SaveHudsonNH Independent Peer Review (Transportation Engineering Planning and Policy LLC) Comments
The proposed road modifications:
Will create a more expansive travel-way:
Three through lanes per direction on select segments
Eight lanes total on the south leg of the Walmart Boulevard intersection
Nine lanes total on the north leg of the Walmart Boulevard intersection
Eight lanes total between on the south leg of the Sagamore Bridge Road intersection
Up to nine lanes on the south leg of the Flagstone Drive/Wason Road intersection
A triple left-turn lane on the northbound approach to the Sagamore Bridge Road intersection
Will result in more complex driving experiences (Many more lanes and signage)
Will not have overall benefit for bicycles or pedestrians
Increasing the number of lanes at signalized intersections may reduce efficiency by undesirably:
Increasing lost time due to signal-phase changes
Increasing the number of signal phases
Increasing pedestrian crossing times
Reducing lane utilization, particularly for triple left-turn lanes
SaveHudsonNH Member Opinions
Overall character of South Hudson will be impacted (massive roadway, increased signage, lighting, accidents, road rage, etc)
·Significant traffic volume increase = more complex driving experiences = roadways won’t be used as efficiently as predicted.
Estimates do not account for ecommerce growth; the proposed facilities have the capacity for 10x (or more) than currently stated.
Building C could potentially be installed as a last mile facility, significantly increasing truck traffic.
A rosy picture is being painted to get approval.
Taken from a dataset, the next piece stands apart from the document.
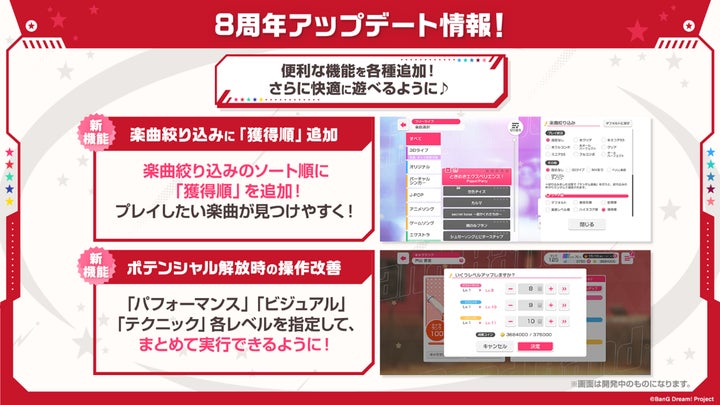 • ガルパ8周年記念として、新機能追加、大規模キャンペーン開催、新楽曲追加など

Once in place, operating and generating town revenue, changes can be incrementally introduced that may not get the same level of scrutiny as if it was part of the original plan.
There will be unassessed consequences of the traffic expansion. I.e. increased traffic volume on surrounding roadways both in Hudson and in surrounding towns.
The proposed roadway improvements just move the bottle necks further away from the key intersections discussed.